Dataset excerpts:

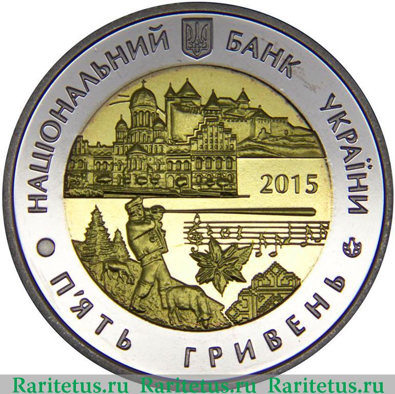 Вверху размещен малый Государственный Герб Украины, по кругу надписи: НАЦИОНАЛЬНЫЙ БАНК УКРАИНЫ (вверху), ПЯТЬ ГРИВЕН (внизу), справа логотип Монетного двора Национального банка Украины; вверху Трехсвятительская церковь Резиденции буковинских митрополитов на фоне Хотинской крепости; на переднем плане изображена композиция: на холме овцы и музыкант, играющий на трембите, под которой - стилизованные элементы: фрагменты нотной записи песни `Красная рута`, буковинского орнамента и цветок; справа над трембитой год чеканки монеты - 2015.
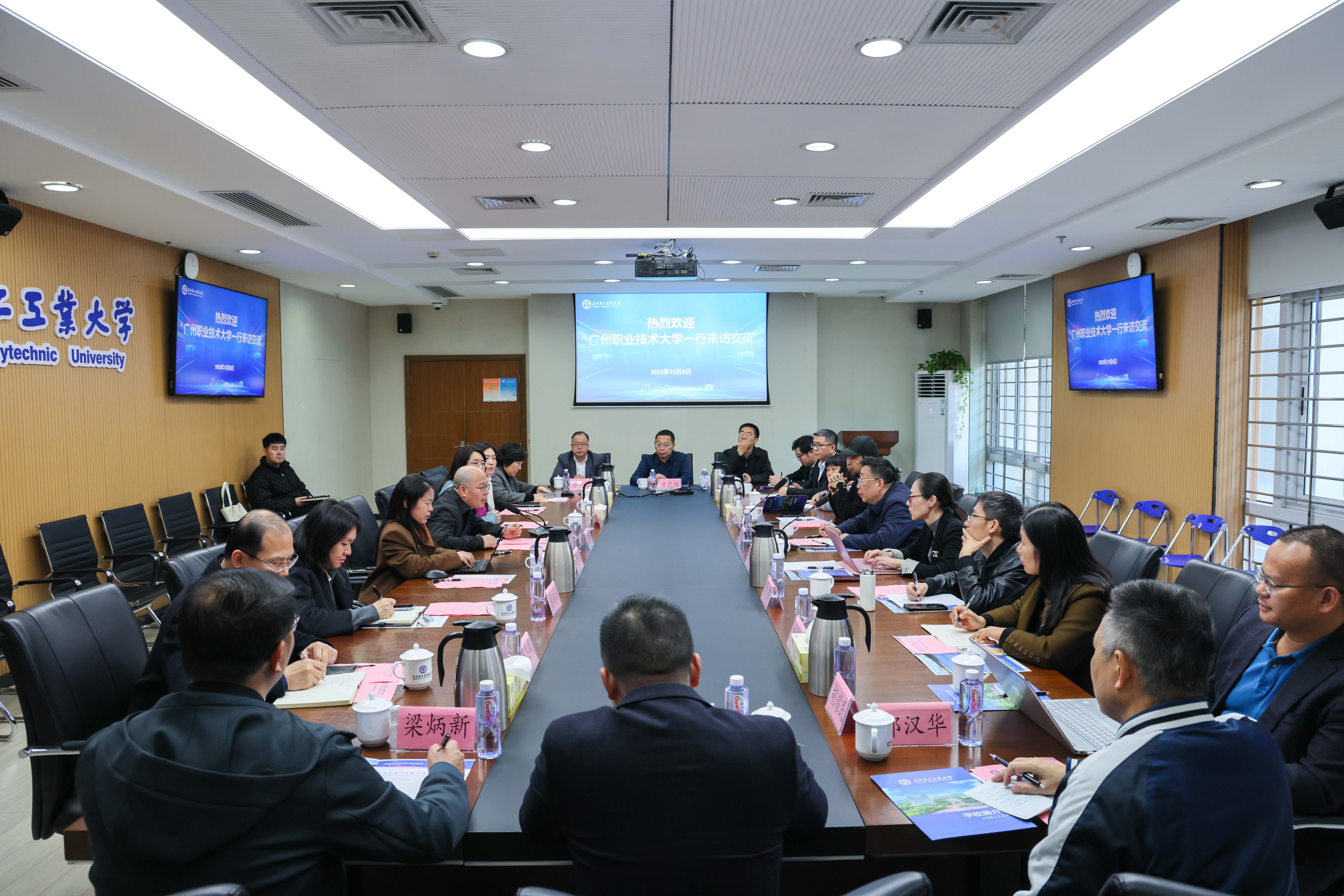12月8日,广州职业技术大学党委书记林洽生一行来访交流。校党委书记陆敏、副校长白建峰热情接待了来访嘉宾,双方围绕“十五五”规划编制、专业设置优化改革实践、贯通教育体系构建等内容进行了深入交流与探讨。
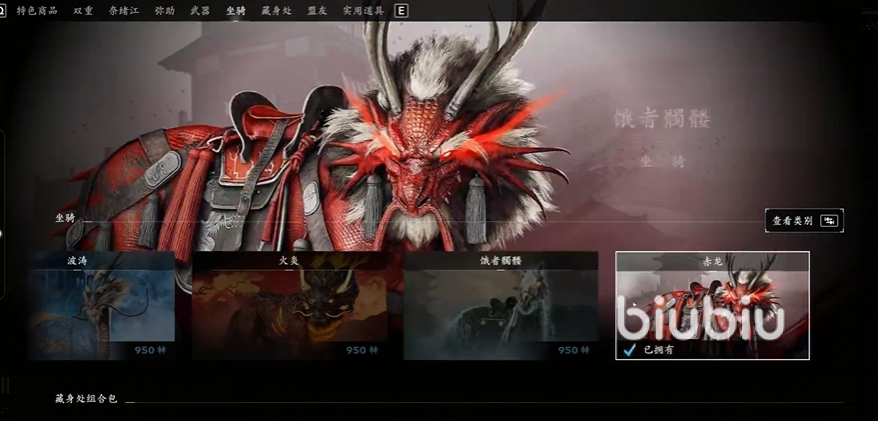 四、坐骑:里面是单独的坐骑不含其他内容,每个坐骑售价950Helix,仍然是火炎、饿者骷髅、波涛、赤龙四个主题。
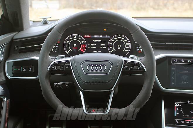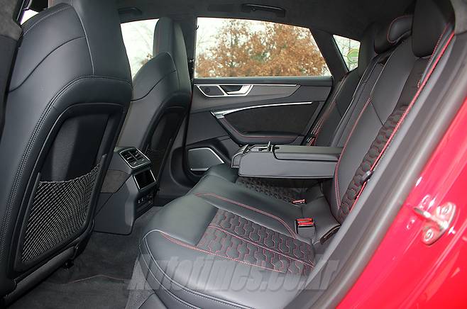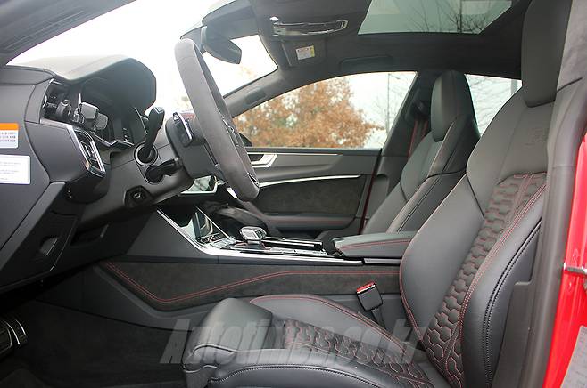 실내는 아우디 중형 세단의 레이아웃을 그대로 간직했다. 여러 소재로 겹겹이 쌓아 올린 듯한 대시보드는 기하학적인 조형미로 첨단의 이미지를 구현했다. 디지털 기반의 계기반과 콕핏, 센터페시아를 가득 채운 듀얼 스크린과 인포테인먼트 등도 미래적인 느낌을 강조한다. 그러나 곳곳에 활용한 알칸타라와 나파 가죽, 버킷 형태의 시트, 빨간 바느질 마감 등 RS만의 핫 소스를 버무려 고성능 본연의 성격도 잘 드러냈다.
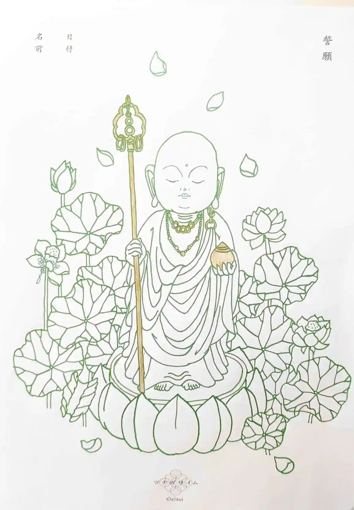 納経した写仏は、地蔵菩薩。グリーンのメタリックバージョン(^o^)
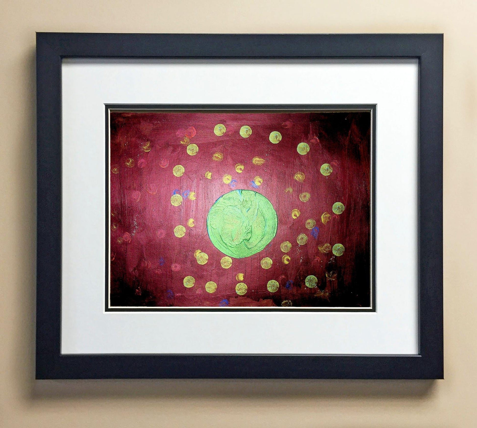 Included with the purchase is the Students Artwork, Frame, double matboard, shatter proof plexiglass, and a ready to hang backerboard with turnbuttons
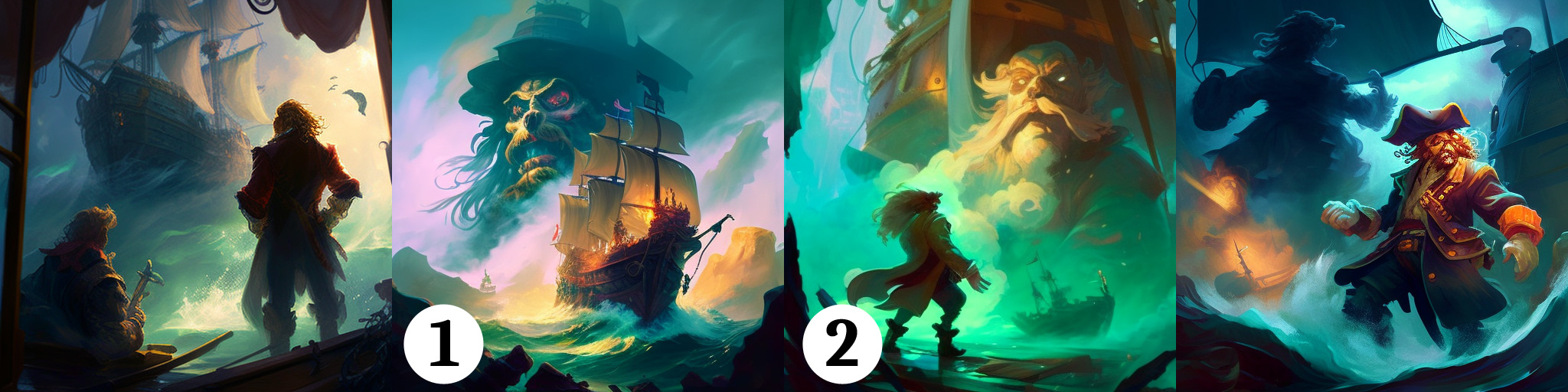 On s'aperçoit bien que l'IA n'est pas infaillible, car les différentes scènes de combat ne représentent pas vraiment l'existant en gravure et les différentes représentations au fil des siècles. Et Barbe Noire n'a plus son aspect habituel avec ses tresses. Quand on regarde de près, le détail des mains de chaque image est étrange, pas terminé ou mal formé.
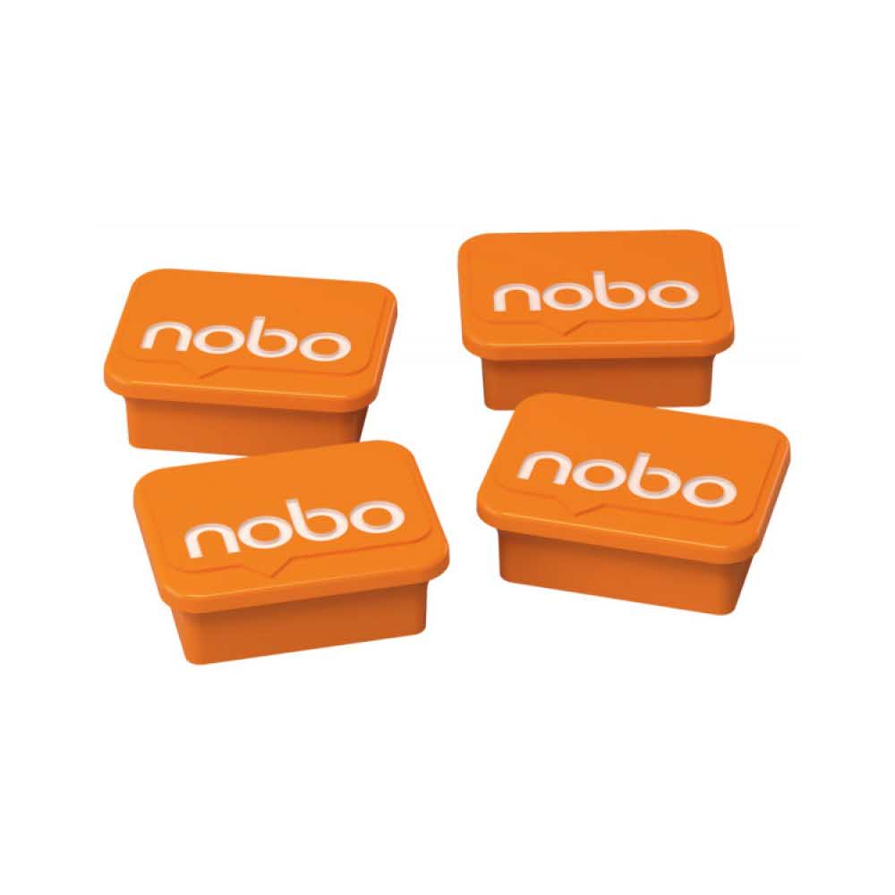 magnesy zaprojektowane pod kątem użycia na magnetycznych tablicach suchościeralnych Nobo utrzymują do 4 kartek rozmiar: 18x22mm kolor: pomarańczowy 4 szt. w j.s.
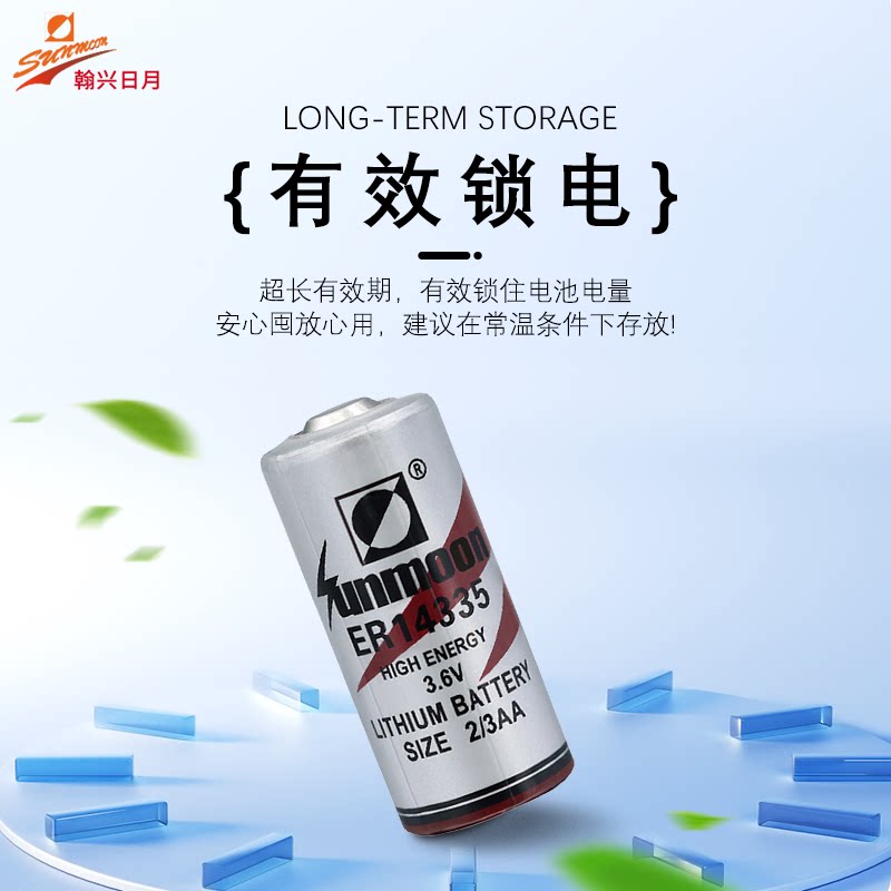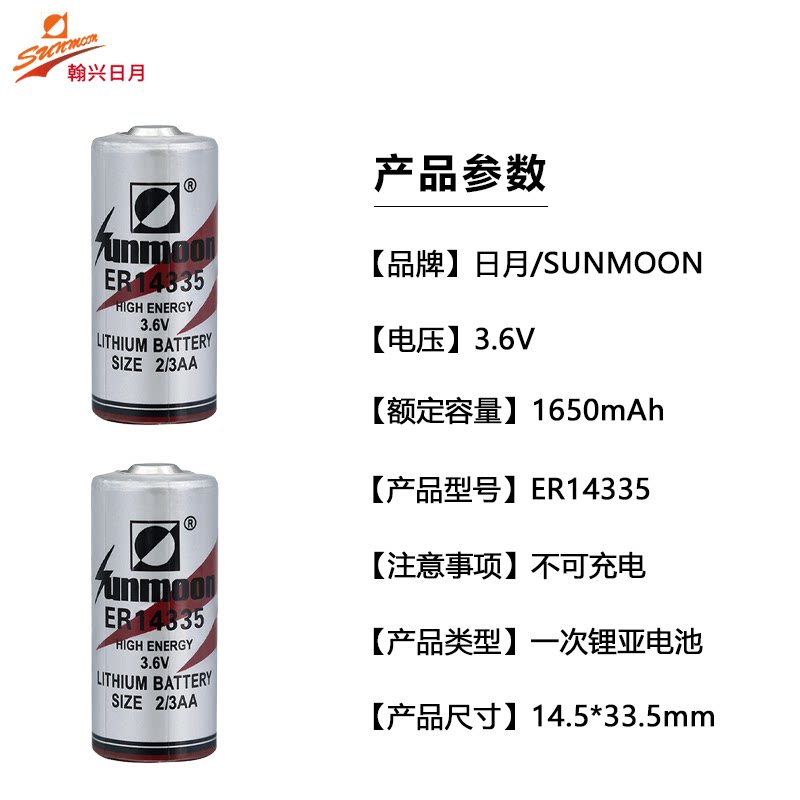 Sunmoon日月ER14335 3.6V锂电池2/3AA适用于CO硫化氢气体检测仪无线温湿度采集器 救生衣报警器PLC伺服电池
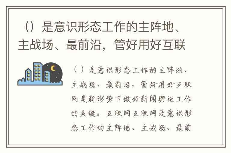 ()是意识形态工作的主阵地、主战场、最前沿,管好用好互联网是新形势下做好新闻舆论工作的关键。
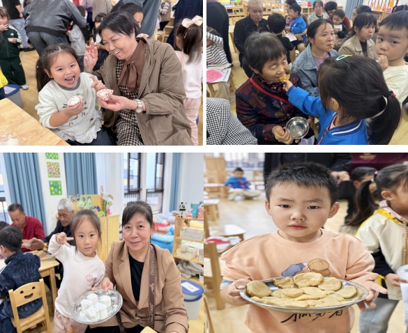 随后,各班开展了丰富多彩的特色手工活动:制作桂花米糕、艾草锤、福字挂饰等。孩子们与祖辈合作完成作品,并将充满祝福的贺卡送给爷爷奶奶,寓意身体健康,福气满满。
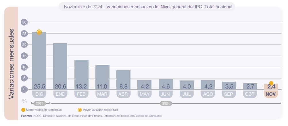 La suba de precios siguen en el centro de la escena, a pesar de que en el último trimestre se registró una desaceleración en el IPC. De acuerdo con el INDEC, en noviembre la inflación fue del 2,4%.
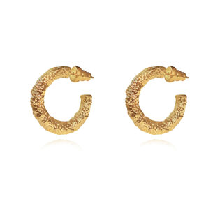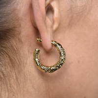 Rawness that does not compromise. Introducing Dejouer 24K Textured C Hoop Earrings - an artisan crafted textured chunky hoop for lovers of uniqueness and rawness. This deign features solid C hoops with a full textured surface. The earrings are made in environmentally friendly brass with 2.5 microns of pure 24K gold plating (heavy gold plated to premium jewellery standards) to ensure hypoallergenic and enduring wear. The earrings are made solid (not hollow) with a quality weight. A unique, artsy and raw statement perfect for contemporary, creative, high fashion, dressy, chic, smart casual, earring layering, casual style and more. Hypoallergenic, nickel, cadmium and lead free.

## Problem statement
Leave out every picture, and copy exactly the lines above starting at the one holding "magnesy zaprojektowane pod" and ending at the one holding "随后,各班开展了丰富多彩的特", no more and no less.

## Answer section
 magnesy zaprojektowane pod kątem użycia na magnetycznych tablicach suchościeralnych Nobo utrzymują do 4 kartek rozmiar: 18x22mm kolor: pomarańczowy 4 szt. w j.s.
 Sunmoon日月ER14335 3.6V锂电池2/3AA适用于CO硫化氢气体检测仪无线温湿度采集器 救生衣报警器PLC伺服电池
 ()是意识形态工作的主阵地、主战场、最前沿,管好用好互联网是新形势下做好新闻舆论工作的关键。
 随后,各班开展了丰富多彩的特色手工活动:制作桂花米糕、艾草锤、福字挂饰等。孩子们与祖辈合作完成作品,并将充满祝福的贺卡送给爷爷奶奶,寓意身体健康,福气满满。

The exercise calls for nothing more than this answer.